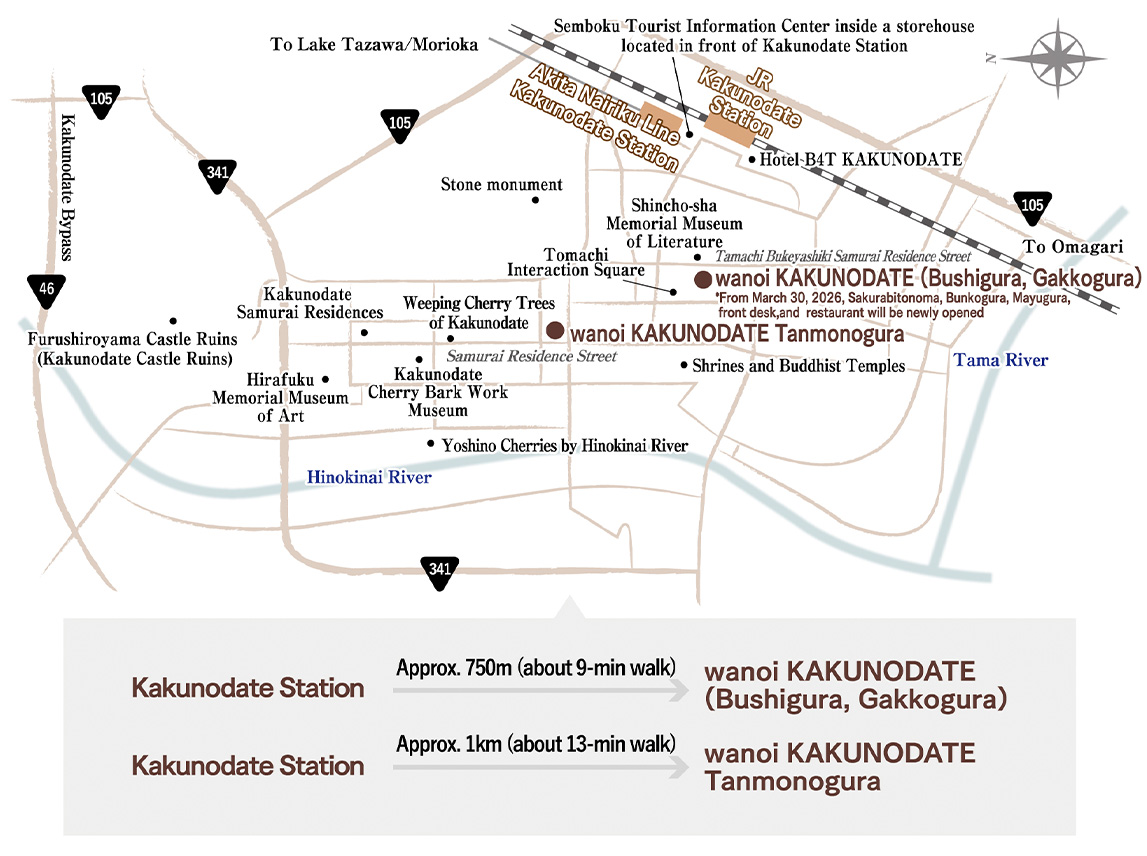 15:00~18:00 ※If you are going to arrive significantly later than 6:00 pm, please let us know in advance. *2 Check-in for Tanmonogura is also conducted at the front desk of wanoi Kakunodate. *3 The Bushigura, Bunkogura, Sakurabitonoma, Gakkogura, and Mayugura are located on the same premises as the front desk. |
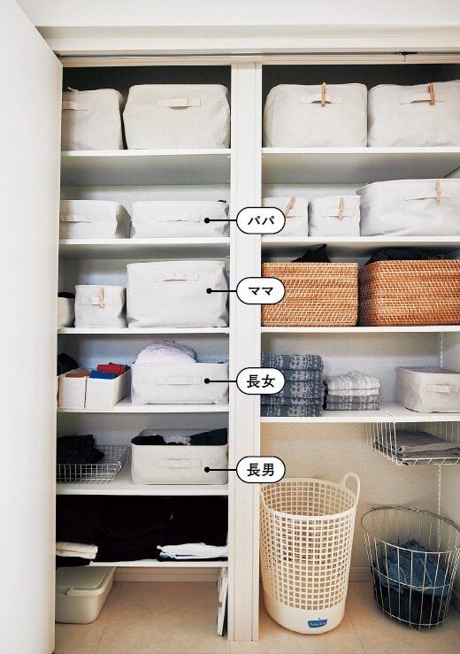 パジャマは入浴後に着るから洗面&脱衣所の棚にしまっています。「背の高い順に人別に置くと子どもも迷わず、自分で出して着てくれるから母はラク♪」。
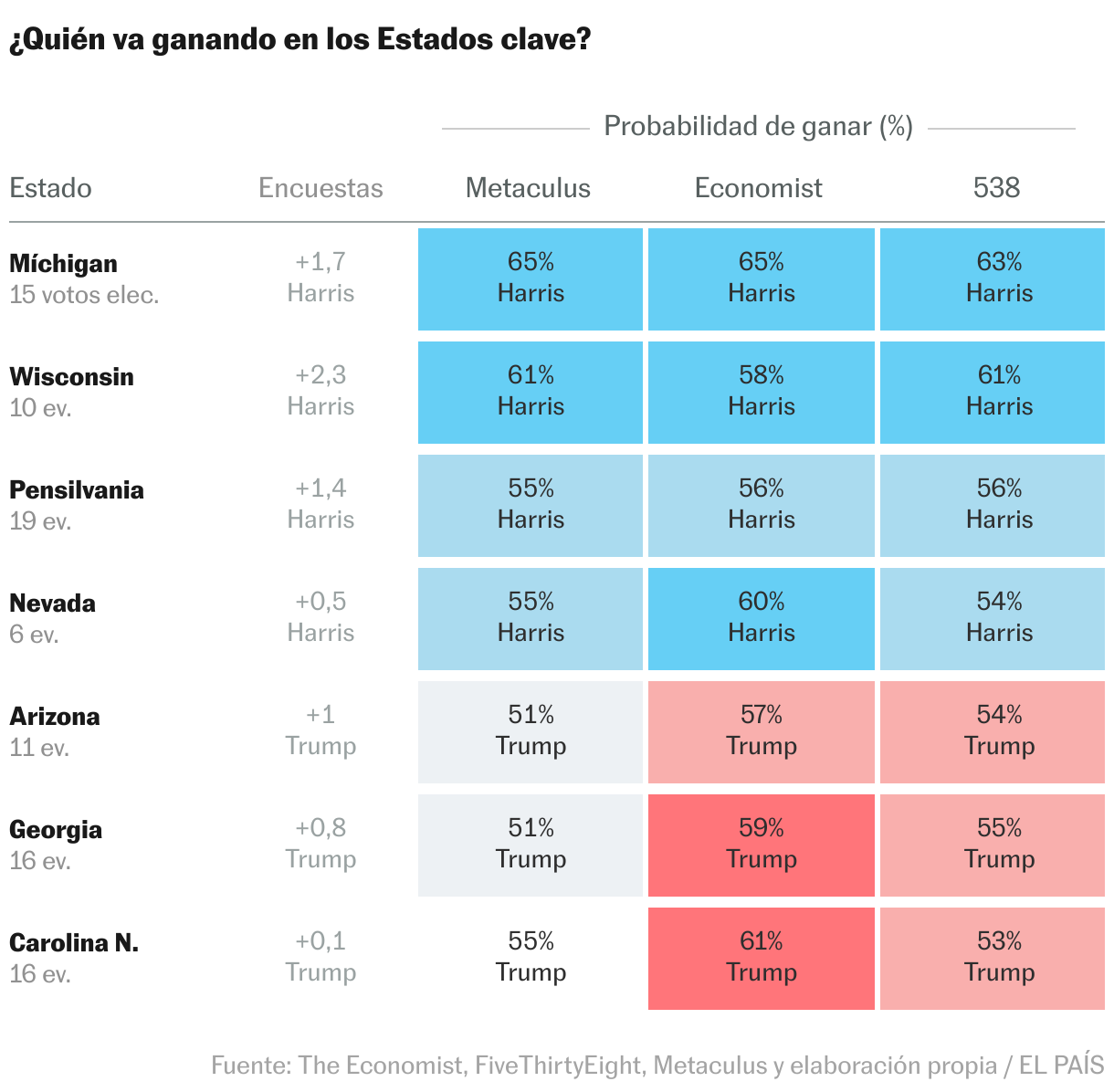 Los movimientos en los Estados también han sido pequeños. Trump ha mejorado en el modelo de FiveThirtyEight, y es un poco más favorito en Arizona, Georgia y Carolina del Norte. Pero Harris no ha retrocedido en Míchigan, Wisconsin, Pensilvania y Nevada, los Estados que le dan la ventaja y que, prácticamente, necesita.
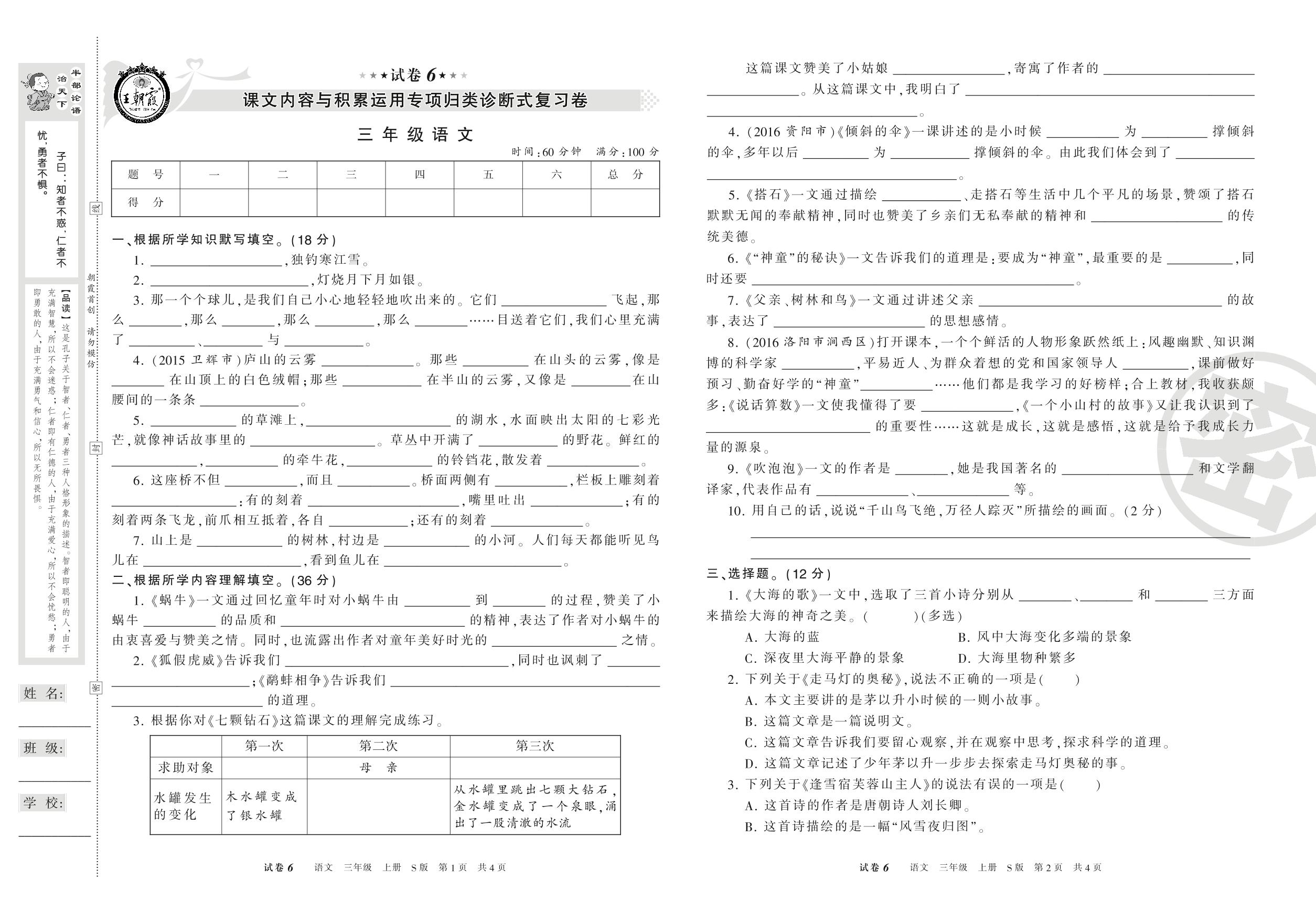王朝霞期末专项卷三年级上册语文(S版)_R210801101703【6】
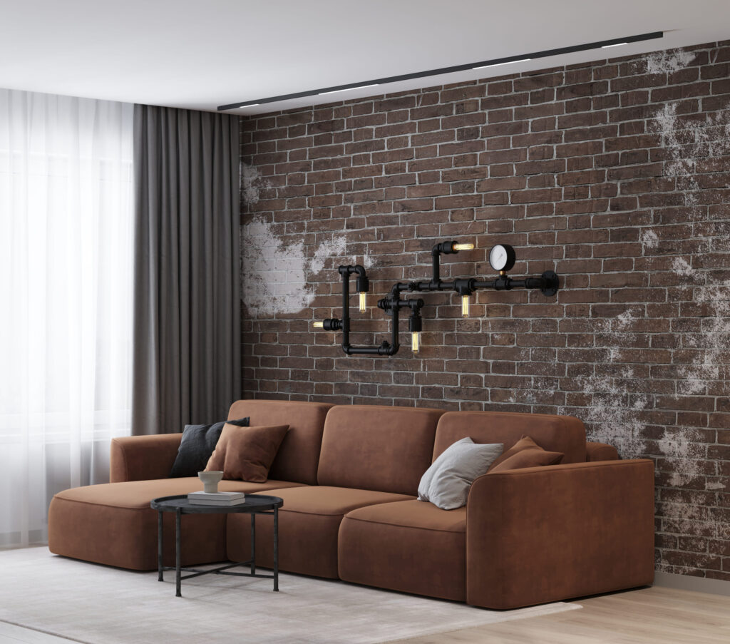 Добавляйте яркие акценты для выразительности. Материалы — только натуральные: кирпич, бетон, металл, дерево. Искусственные покрытия (ламинат, обои) нарушают аутентичность стиля.
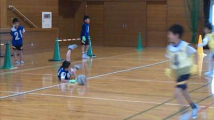 先週までは、「ボールけりゲーム」をがんばっていましたね。ボールを蹴る経験の少ない子どもたちも、ゲームを通してどんどん上手になり、思いっきりボールを蹴ることができるようになりました。ゲームの間、止まることなく走り続けているので、体力もついてきたようですね。
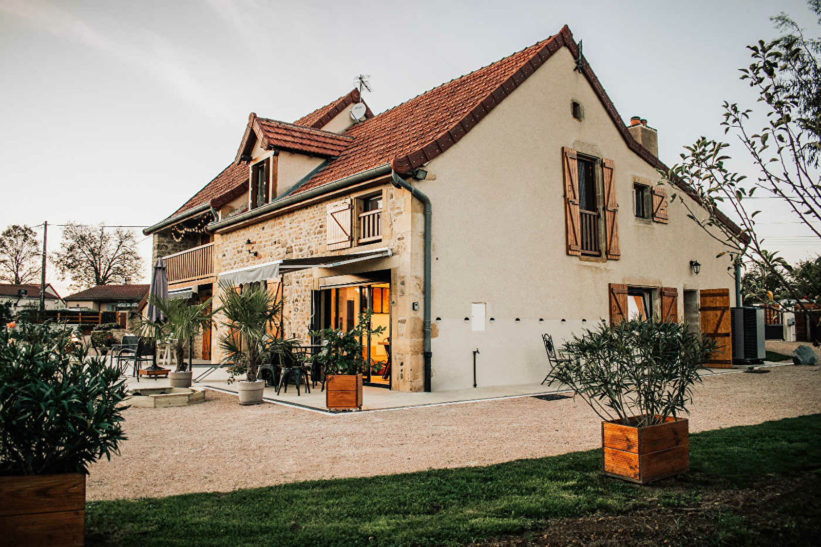 Ravissante ferme traditionnelle brionnaise du 19ème siècle, soigneusement restaurée dans les règles de l’art, nichée en pleine campagne en lisière de pâtures, avec les vaches charolaises comme paisibles voisines. Calme & totale tranquillité au sein d’un petit hameau rural, au creux d’un sublime écrin de verdure & nature, non loin du pittoresque village de Vareilles. Blotti sur les premiers contreforts des Monts du Beaujolais, ce charmant bourg préservé dispose d’un patrimoine notable (églises romane classée du XIe, belles demeures typiques à colombages…) et profite d’un magnifique cadre paysagé, succession de bucoliques bocages vallonnés, étangs, rivières & forêts. Chambre de très bon confort lovée sous les toits. Beau volume. Chaleureux cachet campagnard d’esprit contemporain sublimée par les riches traces du bâti (murs en pierres, linteaux de fenêtres en pierres & bois et poutres d’époque parfaitement conservées). Ambiance cocooning, douillette & cosy. Belle vue dégagée sur la montagne de Dun (point culminant du Brionnais), le Mont Saint-Cyr & le Mont Saint Rigaud (point culminant du Beaujolais). Belle pièce de vie bien équipée 100% privative doté d’un coin salon avec TV. Agréable spacieuse terrasse privative exposée au sud, ouverte sur les prés en mode « carte postale ». Superbe propriété close de 2300m² - littéralement « tirée au cordeau » tel un parc paysagé - soigneusement fleurie, engazonnée, végétalisée, arborée (pruniers, pommiers, pêches de vignes, raisin etc…) comprenant le jardin potager propriétaires.
◆ ◆ ◆ ◆
Pictures aside, retype the entries above exactly as they are.

 15:00~18:00 ※If you are going to arrive significantly later than 6:00 pm, please let us know in advance. *2 Check-in for Tanmonogura is also conducted at the front desk of wanoi Kakunodate. *3 The Bushigura, Bunkogura, Sakurabitonoma, Gakkogura, and Mayugura are located on the same premises as the front desk. |
 パジャマは入浴後に着るから洗面&脱衣所の棚にしまっています。「背の高い順に人別に置くと子どもも迷わず、自分で出して着てくれるから母はラク♪」。
 Los movimientos en los Estados también han sido pequeños. Trump ha mejorado en el modelo de FiveThirtyEight, y es un poco más favorito en Arizona, Georgia y Carolina del Norte. Pero Harris no ha retrocedido en Míchigan, Wisconsin, Pensilvania y Nevada, los Estados que le dan la ventaja y que, prácticamente, necesita.
王朝霞期末专项卷三年级上册语文(S版)_R210801101703【6】
 Добавляйте яркие акценты для выразительности. Материалы — только натуральные: кирпич, бетон, металл, дерево. Искусственные покрытия (ламинат, обои) нарушают аутентичность стиля.
 先週までは、「ボールけりゲーム」をがんばっていましたね。ボールを蹴る経験の少ない子どもたちも、ゲームを通してどんどん上手になり、思いっきりボールを蹴ることができるようになりました。ゲームの間、止まることなく走り続けているので、体力もついてきたようですね。
 Ravissante ferme traditionnelle brionnaise du 19ème siècle, soigneusement restaurée dans les règles de l’art, nichée en pleine campagne en lisière de pâtures, avec les vaches charolaises comme paisibles voisines. Calme & totale tranquillité au sein d’un petit hameau rural, au creux d’un sublime écrin de verdure & nature, non loin du pittoresque village de Vareilles. Blotti sur les premiers contreforts des Monts du Beaujolais, ce charmant bourg préservé dispose d’un patrimoine notable (églises romane classée du XIe, belles demeures typiques à colombages…) et profite d’un magnifique cadre paysagé, succession de bucoliques bocages vallonnés, étangs, rivières & forêts. Chambre de très bon confort lovée sous les toits. Beau volume. Chaleureux cachet campagnard d’esprit contemporain sublimée par les riches traces du bâti (murs en pierres, linteaux de fenêtres en pierres & bois et poutres d’époque parfaitement conservées). Ambiance cocooning, douillette & cosy. Belle vue dégagée sur la montagne de Dun (point culminant du Brionnais), le Mont Saint-Cyr & le Mont Saint Rigaud (point culminant du Beaujolais). Belle pièce de vie bien équipée 100% privative doté d’un coin salon avec TV. Agréable spacieuse terrasse privative exposée au sud, ouverte sur les prés en mode « carte postale ». Superbe propriété close de 2300m² - littéralement « tirée au cordeau » tel un parc paysagé - soigneusement fleurie, engazonnée, végétalisée, arborée (pruniers, pommiers, pêches de vignes, raisin etc…) comprenant le jardin potager propriétaires.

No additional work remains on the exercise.